Hello!! It’s me Jordyn, back with another post! This one will be a little bit different than the others, To the Coast, The Art of Advertising, or In a Galaxy Far, Far Away…, its going to be about my math class! So for this unit we have been working on surface area and volume. Instead of kind of easing us into it, our teacher surprised us with a project. Even better, she left for a week while we were doing it which made it a little bit difficult. But she left us very prepared and ready to do this project on our own. So, the point of this project was to increase the surface area of the door to our classroom by five times. It may sound easy or it may not, whatever, but it definitely was not. It was very difficult. We split the door into 5 sections and split our class into five groups so we could all work on a section and just increase that section by 5. In my group was Paisley, Luciano, and Emerson. What made it even harder was that we chose one of the hardest shapes, a triangular prism. We did this because we wanted to challenge ourselves.The first thing we had to do was create a model net with all of the measurements we needed so that we could base all of our other shapes off of that one.
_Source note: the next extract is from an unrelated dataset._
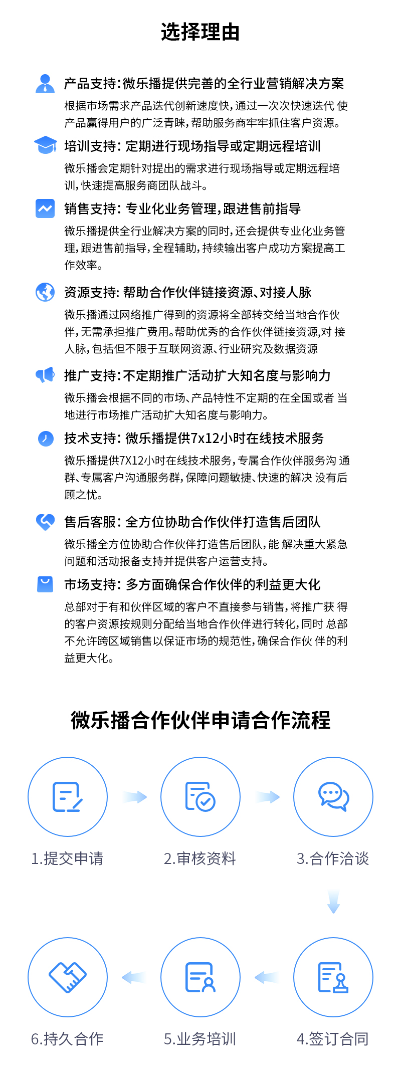 微乐播也为合作商提供了数字化管理体系,方便客户更加 便捷的管理自己所经营的平台。同时提供数据管理后台方 便合作商户更加全面了解运营,财务数据。

This is our net showing all of our measurements for each side

 

To lighten the load, we split the work in half. Paisley and I did a lot of the calculations and Emerson and Luciano did most of the drawing and cutting. Once we did all of our calculations and made our shapes and stuck them to the door, we realized we had done something really wrong. We were off by about half of the surface area we needed! We were almost out of time and we still had almost 14 more shapes to make. In our heads we were all like “This is the end!” But… then….💡*ding*. A light bulb went off in our heads. We thought back to the beginning of the project when our teacher told us that a surface is anything you can paint.

 

So we had the brilliant idea to just simply open the top of our triangular prism because the we had the inside faces of the shape as well. Which, technically, doubled our surface area. So we got to work using these awesome sharp thingies, cutting open our shapes. After we had done this, put the shapes on the door and calculated the surface area, we realized we were only off by a tiny bit. So we made a tiny cube to finish off the left over surface area. Our section is the bottom right corner, you can see it in the picture below 👇👇

The finished product!!

The last thing we had to do to end the project was a technical report. We had to write a paper of all of our calculations and nets and all of that other mathematical jazz.

 

At first this project seemed pointless, why would you want to increase the surface area of any door by 5 times? There is just no point. But through out the project, I slowly realized it went deeper than that. We were learning how to use complex formulas, how to create a net, and how to think, there was a lot of thinking involved. And when I say a lot, I mean A LOT!! So by the end, I knew more than I knew before which is important. And the door also looked pretty cool….. until one day, the whole entire paper, all of the shapes and everything, just flopped right of the door. It was pretty depressing. Anyway, that’s not the point. I learned more about surface area than I ever had during this project and I also learned how to think outside of the box a little bit, I never would have thought to cut open the shapes if it wasn’t for this project. Who knew you could learn so much by covering a door completely in paper shapes. Definitely not me!